GLI lost money in 2012
As WDRB reported Friday, the disclosure of GLI's 2012 tax return sheds new light on financial challenges that preceded Richard's decision in September to slash expenses.
The return shows GLI spent $890,364 more than it took in during 2012 as the chamber's revenue declined to $7.6 million, from $8.4 million in 2011. The chamber ended 2012 with $676,573 in net assets, down from $1.6 million at the start of the year.
The return covers a year in which the organization was under interim leadership. In 2011 -- the last year under former CEO Joe Reagan -- GLI was barely in the red with a $68,570 deficit. GLI's 2013 financial disclosure won't become public until Nov. 15, 2014, unless the chamber files it sooner.
Overton said the finances of GLI's charitable foundation, the Greater Louisville Foundation, must be considered to get a full picture of the organization's financial health. The foundation receives grant monies that are tied to specific purposes, like education, and thus are more restricted in use than donations to the chamber itself.

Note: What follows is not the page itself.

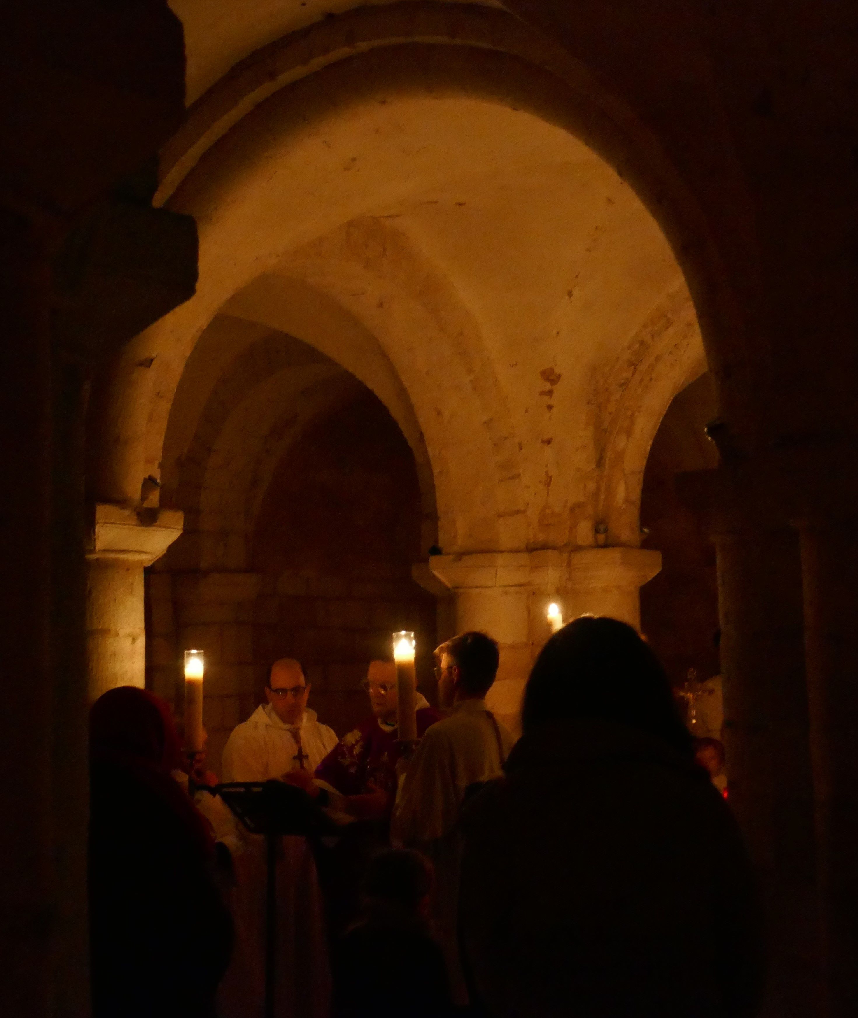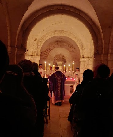 Pour cette messe, deux choix ont été faits. Le premier était de profiter du joyau architectural qu’est la crypte de la cathédrale. Le second choix était de célébrer la liturgie de l’Eucharistie ad orientem, ainsi l’assemblée tout entière, y compris le prêtre, se tourne vers le Seigneur qui va venir et à l’heure où justement le soleil se lève. Le symbole était particulièrement fort de sens.

In 2010, for example, the foundation received $800,000 from the Lumina Foundation to help adults in the region complete college degrees.
The Greater Louisville Foundation took in about $1 million in 2012 and had a $533,000 surplus, according to its disclosure, also filed Friday. It ended the year with $1.6 million in net assets, up from $1.2 million the year before.
As given to WDRB, the foundation's return includes a list of its top donors over the 2008 to 2012 period. Those donors were: The Lumina Foundation ($800,000); the UPS Foundation ($600,000); the Community Foundation ($508,963); the Brown-Forman Foundation ($267,000); the Humana Foundation ($220,000); the JP Morgan Chase Foundation ($205,000); Chase ($150,000); the CE&S Foundation ($120,000); and the Foundation for a Healthy Kentucky ($85,000).